◆ **TASK GOAL**
Exactly the lines from the beginning of the records to the line with "装备描述:6格安全箱,7级体力,6级负重,带老板首选", both ends included, are to be given again, and pictures are to be left out.

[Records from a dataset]
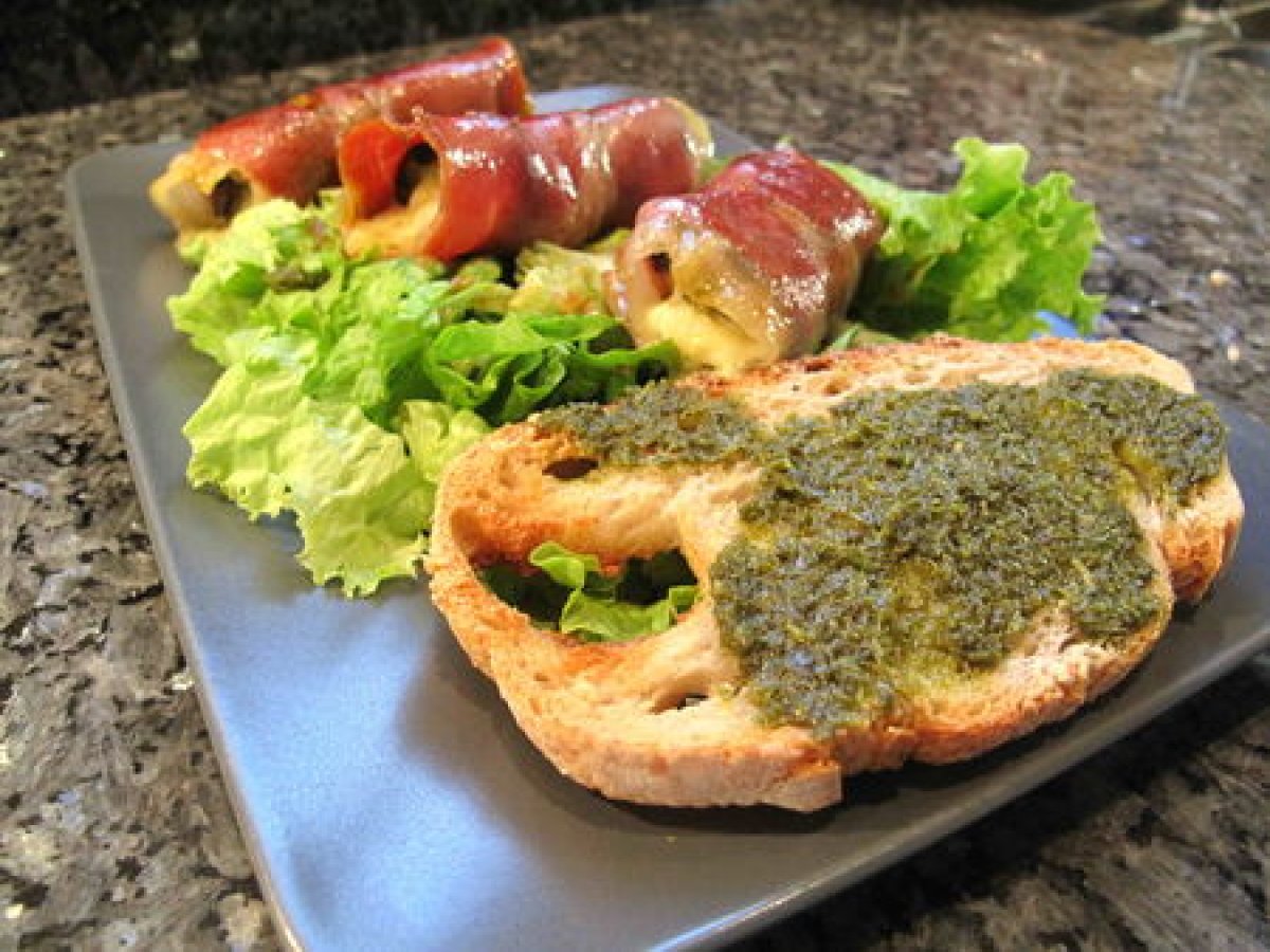 Rouleau aubergine jambon cru pesto et fromage votez maintenant Entréefacile30 min Envoyer cette recette à un ami Imprimer cette page Poser une question à l'auteur Publier votre photo de cette recette Ingrédients 2 1 longue tranche de jambon cru 1 longue tranche d'aubergine de 1 cm d'épaisseur 1 cuillère à café pesto 1 petite tranche d'un bon fromage de chèvre mi sec quelques huile olive Servir avec par personne: 1 tranche de pain de campagne grillée 1 cuillère à café pesto 1 poignée de verdure vinaigrette à base d'huile d'olive et vinaigre balsamique
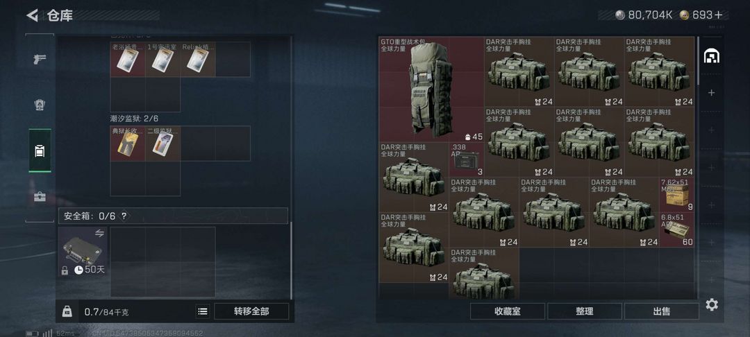 装备描述:6格安全箱,7级体力,6级负重,带老板首选
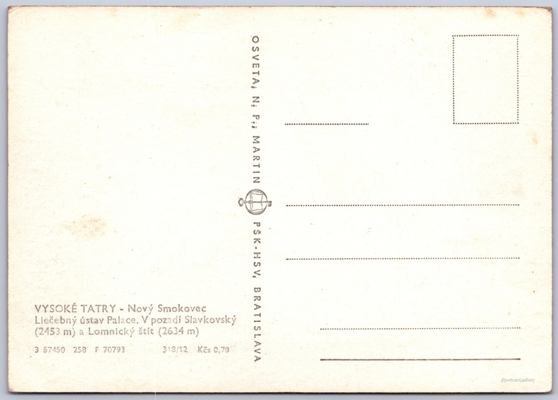 Nový Smokovec, léčebný ústav Palace Pokud chcete vidět pohlednice ve vyšším rozlišení nebo zobrazovat jejich zadní stranu, tak se prosím nejdříve přihlašte Přihlásit Zaregistrovat VYSOKÉ TATRY - Nový SmokovecLiečebný ústav Palace. V pozadí Slavkovský (2453 m) a Lomnický štít (2634 m) Jazyk tištěného textu na pohlednici: slovenština Starý Smokovec 32 ukázat na mapě V blízkém okolí místa zobrazeného na pohlednici lze najít 62 jiných pohlednic. Zobrazit blízké pohlednice Vydavatel: Osveta, n. p., Martin PŠK - Bratislava (Československo) Rok vydání pohlednice: únor, 1958 Velikost (š x v) a tvar pohlednice: 146 x 104 mm (5.75" x 4.09"), obdélník Čistá pohlednice (neprošlá poštou) Ceny: Cena pohlednice: 0,70 Kčs (CSK) Kódy na pohlednici: 3 57450 258 F 70793 318/12 DiskuseVložit příspěvek Přidat novou složku ... Spravovat složky ...
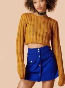 Джемпер – это вязанная одежда с круглым воротником. Фасоны могут варьироваться. Например, на фото ниже представлен женский укороченный джемпер.
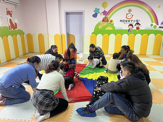 2024年1月13日,重慶市江北區(qū)魚嘴鎮(zhèn)“向日葵親子小屋”“趣玩彩虹傘”親子課堂開課。中國計(jì)生協(xié)供圖
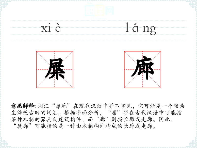 词汇“屟廊”在现代汉语中并不常见,它可能是一个较为生僻或古旧的词汇。根据字面分析,“屟”字在古代汉语中可能指某种木制的器具或建筑构件,而“廊”则指长廊或走廊。因此,“屟廊”可能指的是一种由木制构件构成的长廊或走廊。
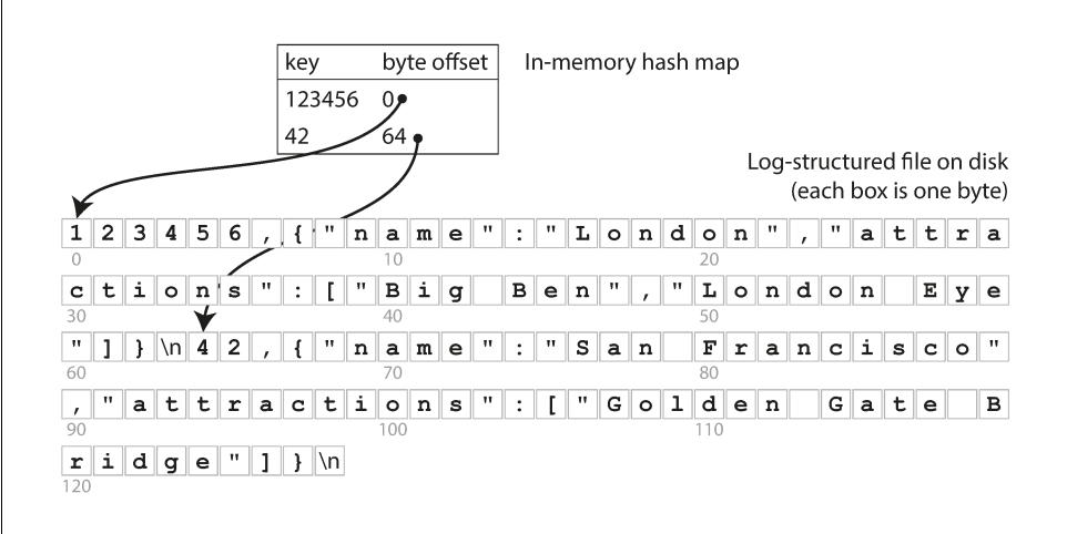 Key idea: Along with appending to the log file maintain a in-memory hashmap that acts as a signpost to the actual keys.
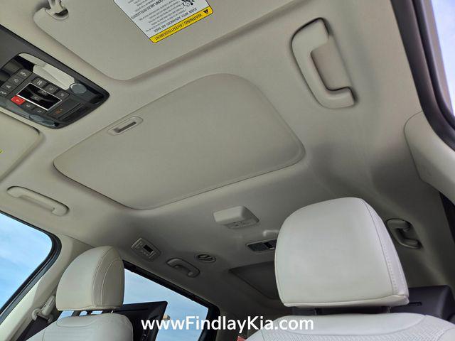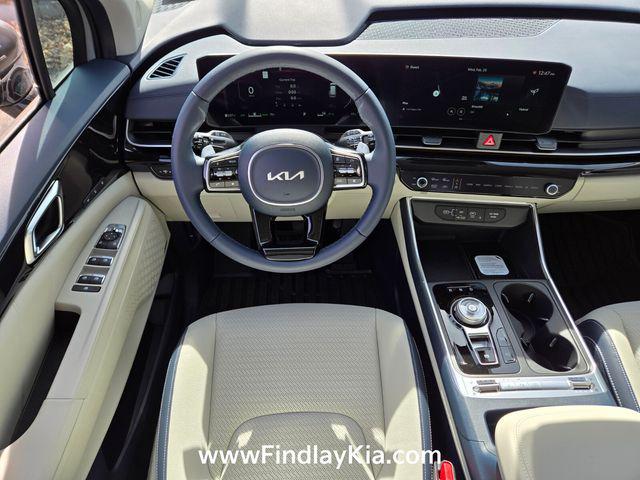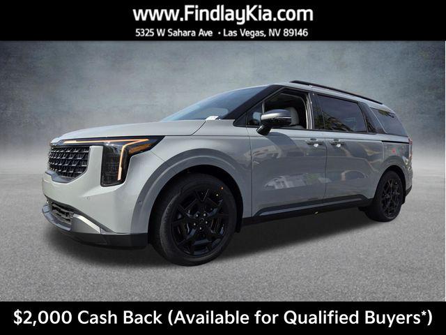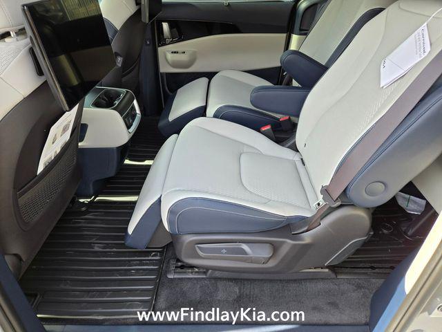 Welcome to Findlay Kia on Sahara Ave in Las Vegas. This Carnival Hybrid is equipped with the following options: Rear Seat Entertainment Package (Dual Screen Rear Seat Entertainment System), SX Prestige Seat Package (2nd Row Laminated Windows, Ambient Lighting, and High Glossy Interior Trim), 1.6L I4 DGI Hybrid Turbocharged DOHC 16V LEV3-SULEV30, 12 Speakers, 3rd row seats: split-bench, 4-Wheel Disc Brakes, ABS brakes, Air Conditioning, Alloy wheels, AM/FM radio: SiriusXM, Apple CarPlay & Android Auto, Auto High-beam Headlights, Auto-dimming Rear-View mirror, Automatic temperature control, Brake assist, Bumpers: body-color, Cargo Net, Compass, Delay-off headlights, Driver door bin, Driver vanity mirror, Dual front impact airbags, Dual front side impact airbags, Electronic Stability Control, Emergency communication system, Exterior Parking Camera Rear, Four wheel independent suspension, Front anti-roll bar, Front Bucket Seats, Front Center Armrest, Front dual zone A/C, Front fog lights, Front reading lights, Fully automatic headlights, Garage door transmitter: HomeLink, Heads-Up Display, Heated door mirrors, Heated front seats, Heated steering wheel, Illuminated entry, Knee airbag, Leather Seat Trim, Leather Shift Knob, Leather steering wheel, Low tire pressure warning, Luxury Carpeted Floor Mats, Memory seat, Navigation System, Occupant sensing airbag, Outside temperature display, Overhead airbag, Overhead console, Panic alarm, Passenger door bin, Passenger vanity mirror, Power 2nd-Row Moonroof, Power door mirrors, Power driver seat, Power Liftgate, Power moonroof, Power passenger seat, Power steering, Power windows, Rain sensing wipers, Rear air conditioning, Rear anti-roll bar, Rear reading lights, Rear window defroster, Rear window wiper, Reclining 3rd row seat, Remote keyless entry, Security system, Small First Aid Kit, Speed control, Speed-sensing steering, Split folding rear seat, Spoiler, Steering wheel mounted audio controls, Tachometer, Telescoping steering wheel, Tilt steering wheel, Traction control, Trip computer, Turn signal indicator mirrors, Variably intermittent wipers, Ventilated front seats, Wheel Locks, and Wheels: 19"" Black D-Cut Customizing.1.6L I4 DGI Hybrid Turbocharged DOHC 16V LEV3-SULEV30.34/31 City/Highway MPGThis Carnival Hybrid is equipped with Bluetooth, Backup Camera, along with the following options: Price includes: $2000 - KFA Dealer Choice Program: $2000 discount and 5.25% APR for 36 months. $30.08 per $1000 financed. Available to well qualified buyers who finance through Kia Finance America. 506. Exp. 03/31/2026
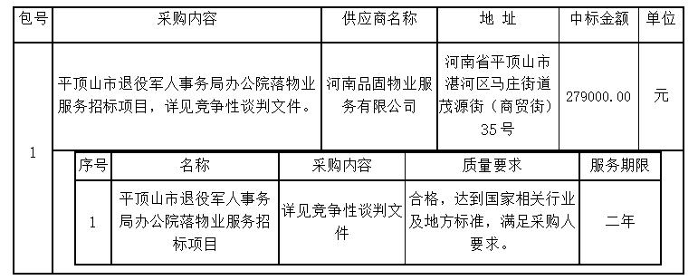 1、根据评标结果、中标结果公示,按照国家有关规定,确定河南品固物业服务有限公司为成交供应商,其他供应商未中标。
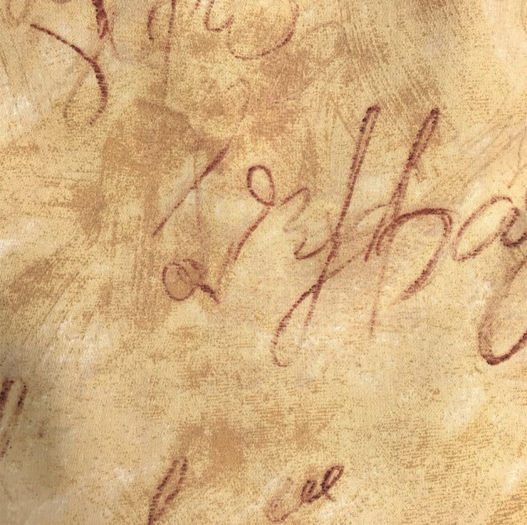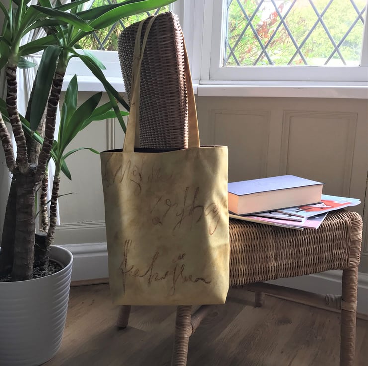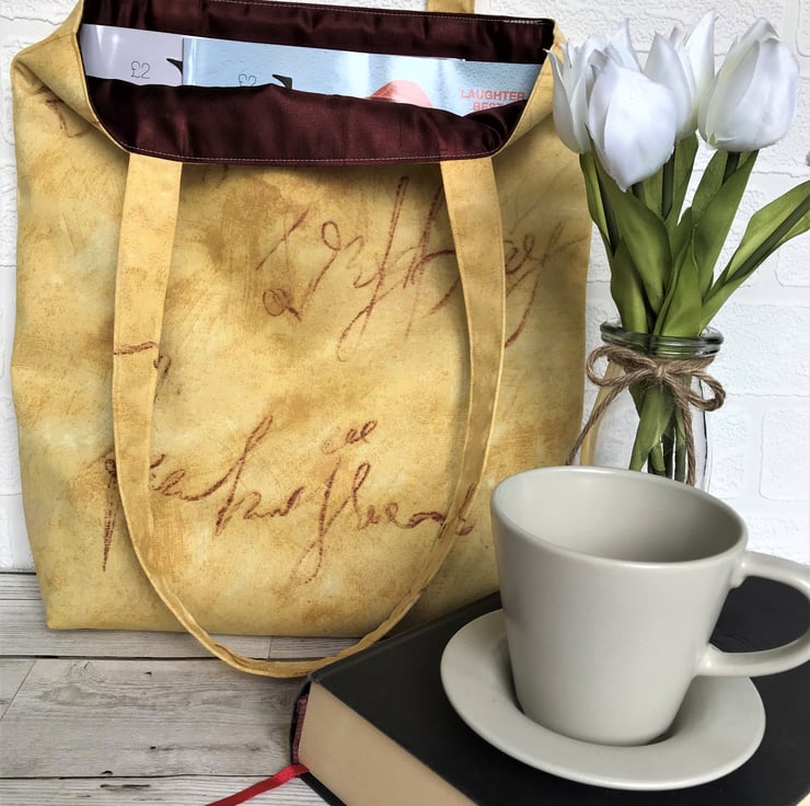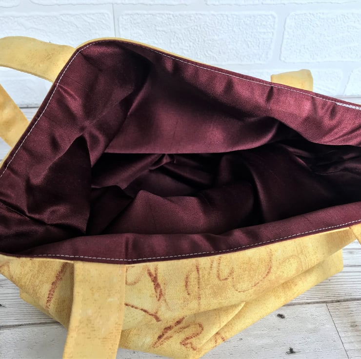 A handy tote bag in lovely mottled golden yellow fabric with an unusual print pattern of handwriting in dark red. The pattern takes the form of looped handwriting but with no legible words The bag is lined with dark red satin fabric which matches the red colour of the pattern on the outer fabric.

◆ **RESULT**
 Rouleau aubergine jambon cru pesto et fromage votez maintenant Entréefacile30 min Envoyer cette recette à un ami Imprimer cette page Poser une question à l'auteur Publier votre photo de cette recette Ingrédients 2 1 longue tranche de jambon cru 1 longue tranche d'aubergine de 1 cm d'épaisseur 1 cuillère à café pesto 1 petite tranche d'un bon fromage de chèvre mi sec quelques huile olive Servir avec par personne: 1 tranche de pain de campagne grillée 1 cuillère à café pesto 1 poignée de verdure vinaigrette à base d'huile d'olive et vinaigre balsamique
 装备描述:6格安全箱,7级体力,6级负重,带老板首选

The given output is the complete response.